### Task statement
Give an exact transcription limited to the lines from the one with "Monograms have a" through the end of the entries, including both; no pictures belong in it.

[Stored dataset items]
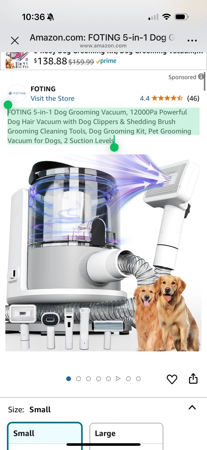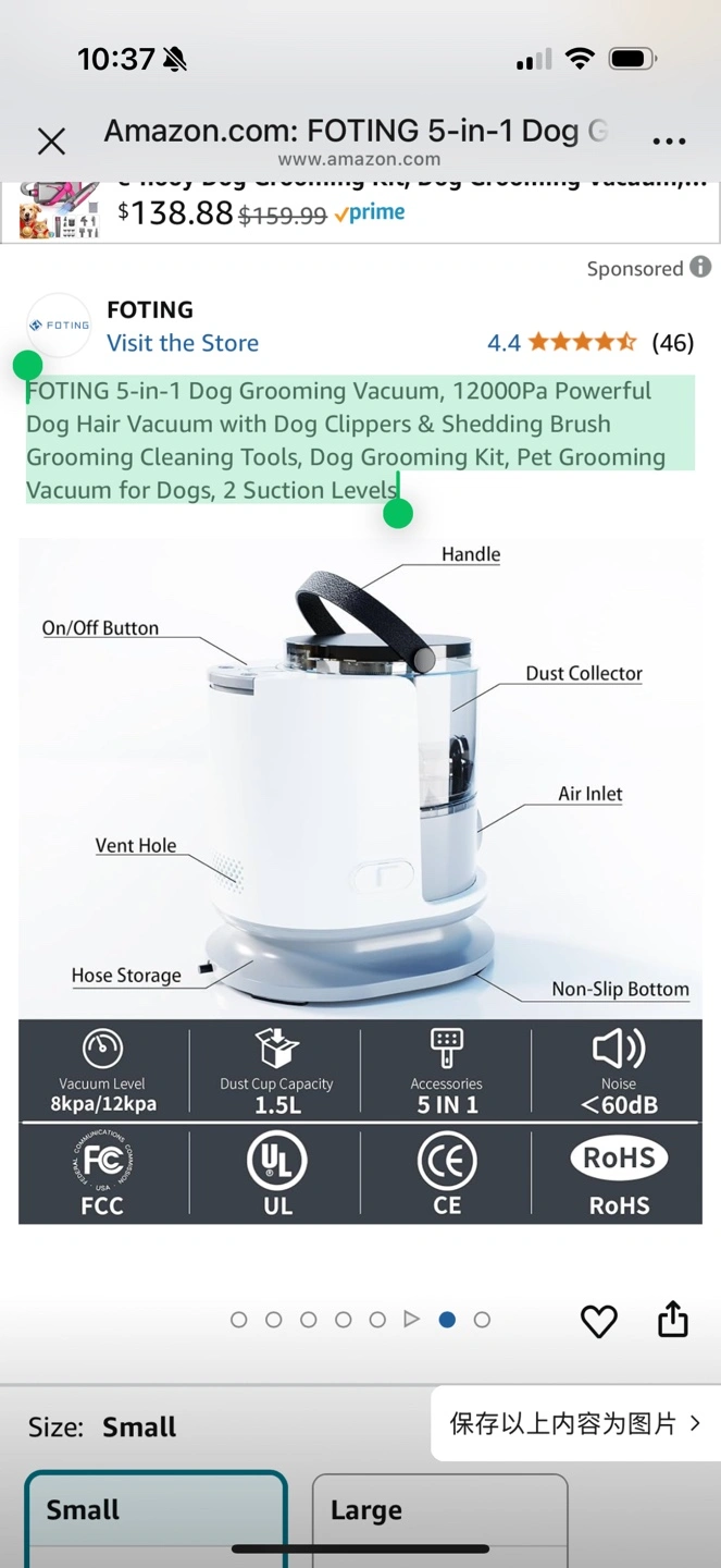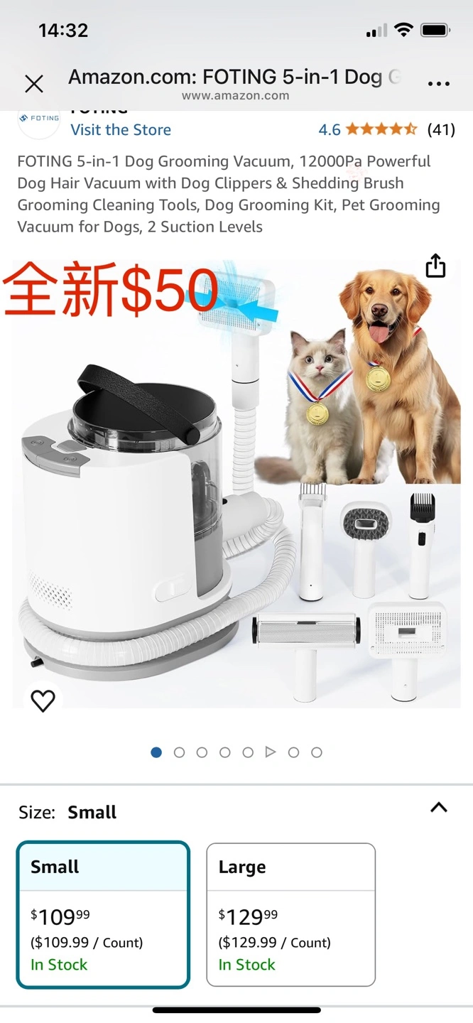 FOTING 5-in-1 Dog Grooming Vacuum, 12000Pa Powerful Dog Hair Vacuum with Dog Clippers & Shedding Brush Grooming Cleaning Tools, Dog Grooming Kit, Pet Grooming Vacuum for Dogs, 2 Suction Levels(brand new)
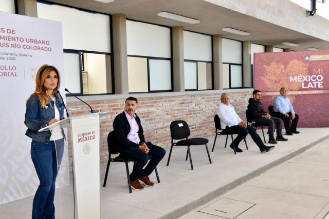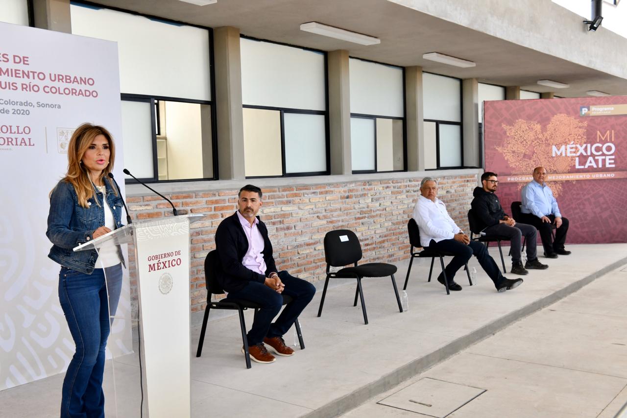 Román Guillermo Meyer Falcón, secretario de Desarrollo Agrario, Territorial y Urbano, ante la gobernadora Claudia Pavlovich Arellano, el presidente Andrés Manuel López Obrador, Santos González Yescas, presidente municipal de San Luis Río Colorado y Edgar González Savín, director de la oficina de la Presidencia para la Promoción y el Desarrollo del Beisbol en México, expuso los resultados que se han tenido en este municipio con el Programa de Mejoramiento Urbano, con el que se han realizado mil acciones de vivienda en el sector norte de esta ciudad.
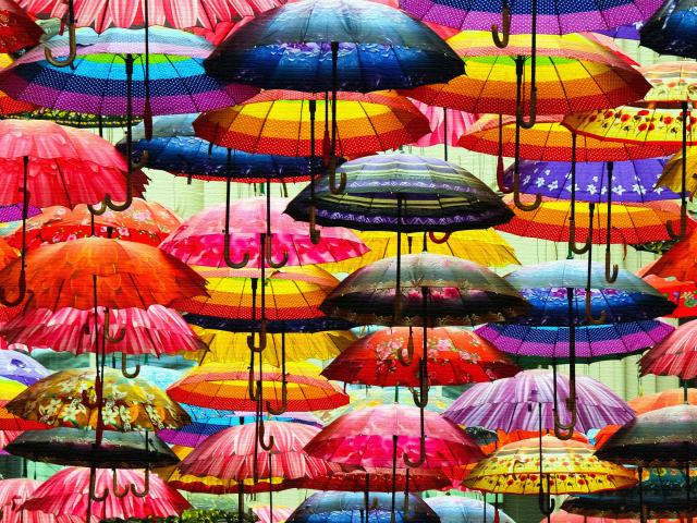 Wallpaper A lot of multi-colored umbrella in the air
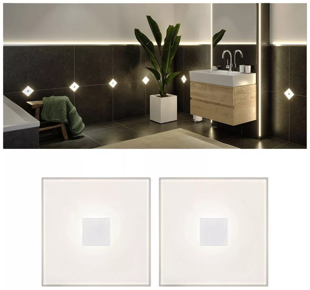 A hatékony, 100x10mm-es LumiTiles LED négyzet alakú alapkészlet 2x0,8W teljesítménnyel két lapkából, egy csatlakozókábelből (hossz: 60 cm) és egy transzformátorból áll a csatlakozással együtt. Az IP44-es védettség ellenére a meleg fehér LED burkolólapok minimális beépítési mélysége mindössze 10 mm, így a szabványos fali csempék közé illeszkednek. A modulok vagy közvetlenül csatlakoztathatók egymáshoz a Plug & Play segítségével, vagy egy kábellel 25, 65, 105 vagy 205 cm-es távolságban csatlakoztathatók. A Paulmann LumiTiles rendszer minden projekthez alkalmas óriási rugalmasságának, egyszerű telepítésének és extra hosszú élettartamának köszönhetően. Az alapkészlet kiegészíthető további LED csempével és csatlakozó kábelekkel.
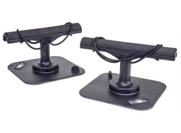 Rounded “T” bar and shock cords allow rods to be mounted at any angle, not just in line with the base. Rods are secured by fabric covered straps for extra security, it had also soft padding for the rods.
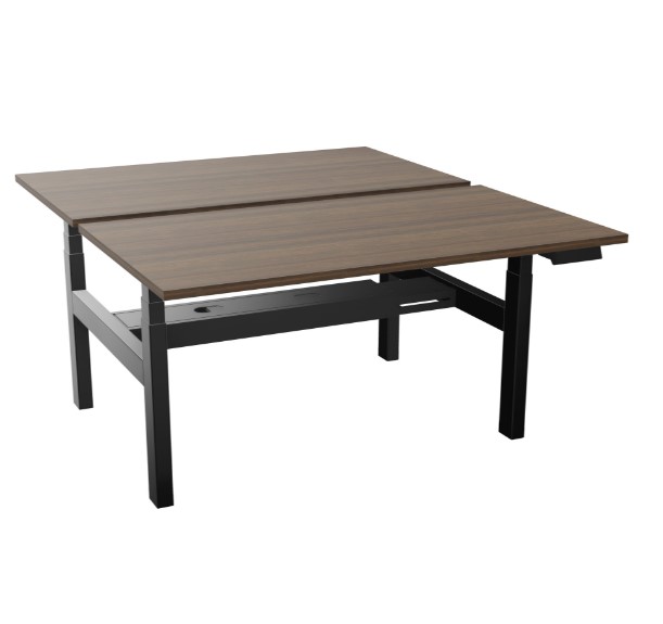 Axel 2 bench bureau B. 140 x D. 80 cm - Elektrische hoogteregeling - Blad dikte 25 mm voorgeboord voor 2 kabeldoppen in bruin notelaar melamine - onderstel zwart glad metaal - 4 gebruikers x 2 memory + USB
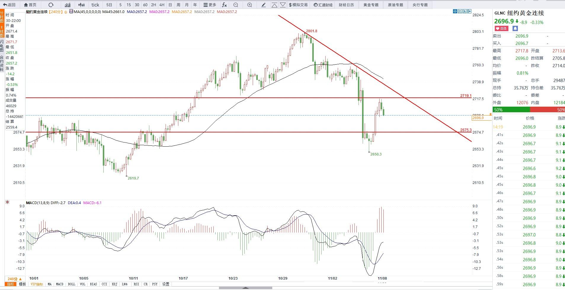 标题:11月8日交易机会之COMEX黄金
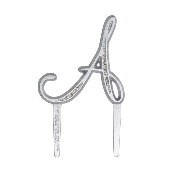 Monograms have a silver finish and shiny, clear rhinestone accents. Each features picks at the bottom for easy insertion into cakes. Available in large and small sizes. Height does not include pick.
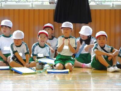 【1年生】1枚目の写真は、新体力テストのシャトルランをしている友だちを応援している様子です。今回も5年生が手伝ってくれて、あたたかい応援の中の運動になりました。
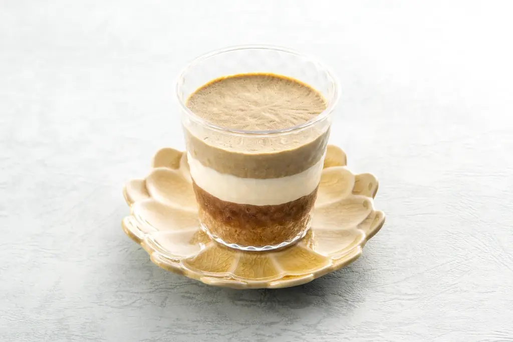 - コーヒーを含ませたスポンジに粒あんを重ね、ほうじ茶の香るチーズクリームを合わせたあんティラミス。レーズンをしのばせることで香ばしさに甘酸っぱさのアクセントが加わる。
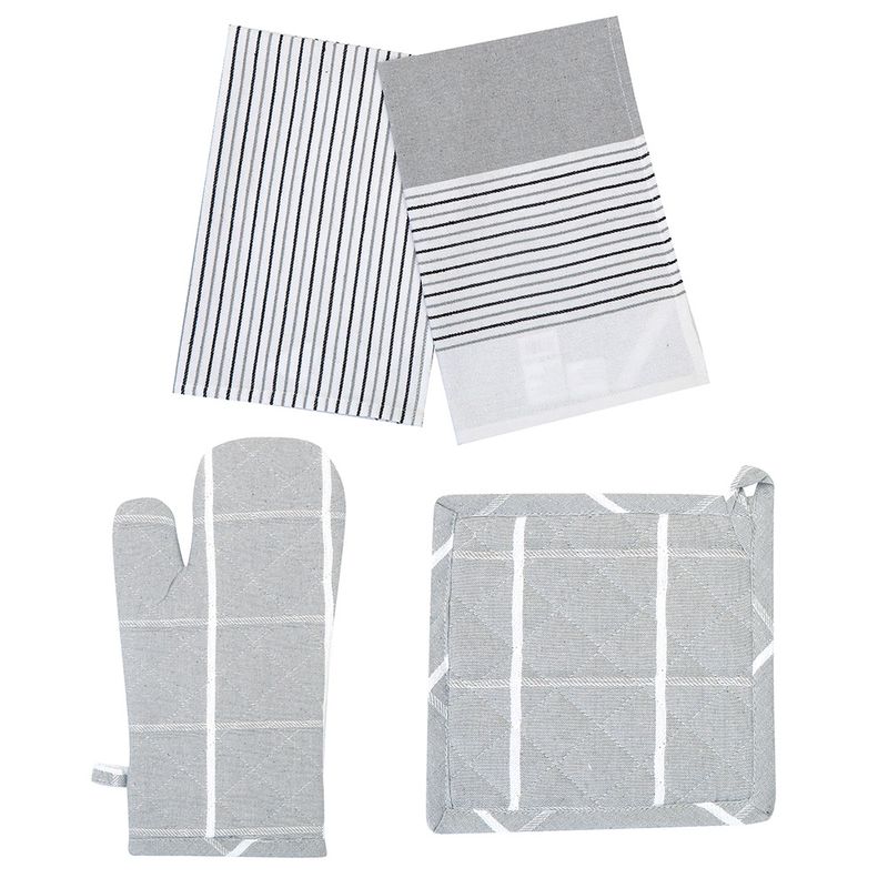 Set Cocina Manopla + Agarradera+ 2 Repasadores Gris
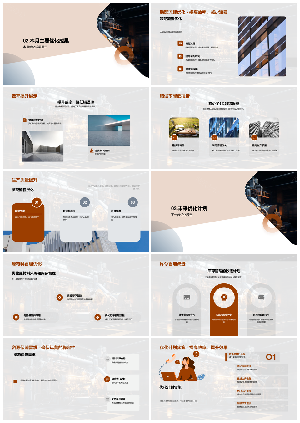 工业机械装配流程优化增效降错库存管理PPT模板推荐
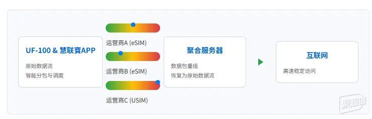 慧联寶APP的多网聚合技术,正是利用了UF-100硬件具备多路网络接口(2个eSIM + 1个USIM)的独特优势,其工作流程可分解为以下几个关键步骤:
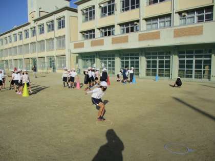 体育の「とびあそび」で遠くまでとぶことや高くとぶことに挑戦しています!
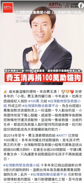 「台灣貓狗聯合勸募平台」9日在臉書粉專發文指出,費玉清再次透過經紀人捐款100萬元,給台灣動物緊急救援小組(ARTT)所成立的台灣貓狗聯合勸募平台,為全台超過3萬隻弱勢流浪貓狗添上一份溫飽。內容還提到,自2014年至今,費玉清累積捐款給ARTT已突破1000萬元,多年來持續支持弱勢貓狗。
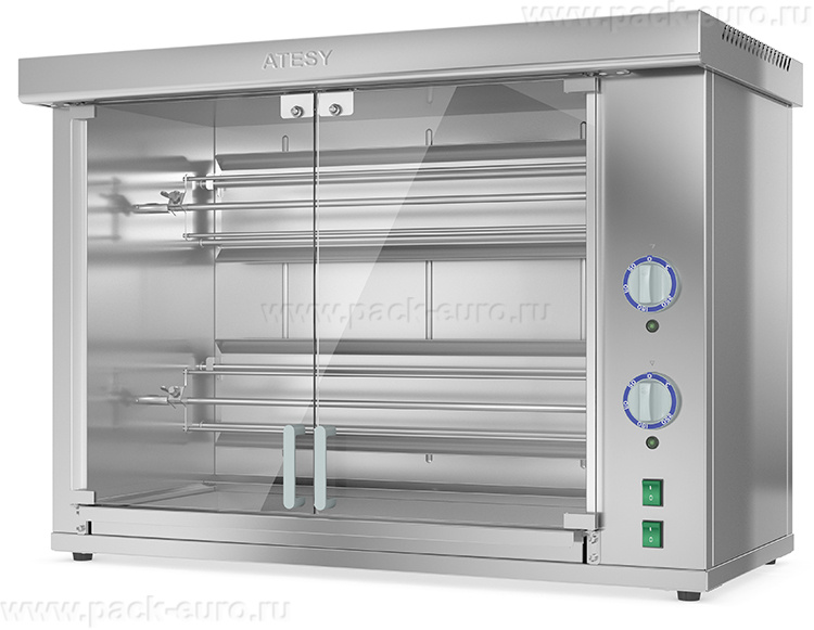 Гриль для кур ATESY Командор-2/2 М используется на предприятиях общественного питания и торговли для обжаривания целых тушек кур на вертелах (шампурах). Модель оснащена 2 съемными шампурами, каждый из которых рассчитан на 5 кур. Корпус и все внутренние элементы, контактирующие с продуктами, выполнены из пищевой нержавеющей стали AISI 430, двери - из закаленного термостойкого стекла.
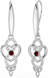 Diamond Garnet Silver Infinity Celtic Trinity Knot Dangle Earrings

### Exercise solution
 Monograms have a silver finish and shiny, clear rhinestone accents. Each features picks at the bottom for easy insertion into cakes. Available in large and small sizes. Height does not include pick.
 【1年生】1枚目の写真は、新体力テストのシャトルランをしている友だちを応援している様子です。今回も5年生が手伝ってくれて、あたたかい応援の中の運動になりました。
 - コーヒーを含ませたスポンジに粒あんを重ね、ほうじ茶の香るチーズクリームを合わせたあんティラミス。レーズンをしのばせることで香ばしさに甘酸っぱさのアクセントが加わる。
 Set Cocina Manopla + Agarradera+ 2 Repasadores Gris
 工业机械装配流程优化增效降错库存管理PPT模板推荐
 慧联寶APP的多网聚合技术,正是利用了UF-100硬件具备多路网络接口(2个eSIM + 1个USIM)的独特优势,其工作流程可分解为以下几个关键步骤:
 体育の「とびあそび」で遠くまでとぶことや高くとぶことに挑戦しています!
 「台灣貓狗聯合勸募平台」9日在臉書粉專發文指出,費玉清再次透過經紀人捐款100萬元,給台灣動物緊急救援小組(ARTT)所成立的台灣貓狗聯合勸募平台,為全台超過3萬隻弱勢流浪貓狗添上一份溫飽。內容還提到,自2014年至今,費玉清累積捐款給ARTT已突破1000萬元,多年來持續支持弱勢貓狗。
 Гриль для кур ATESY Командор-2/2 М используется на предприятиях общественного питания и торговли для обжаривания целых тушек кур на вертелах (шампурах). Модель оснащена 2 съемными шампурами, каждый из которых рассчитан на 5 кур. Корпус и все внутренние элементы, контактирующие с продуктами, выполнены из пищевой нержавеющей стали AISI 430, двери - из закаленного термостойкого стекла.
 Diamond Garnet Silver Infinity Celtic Trinity Knot Dangle Earrings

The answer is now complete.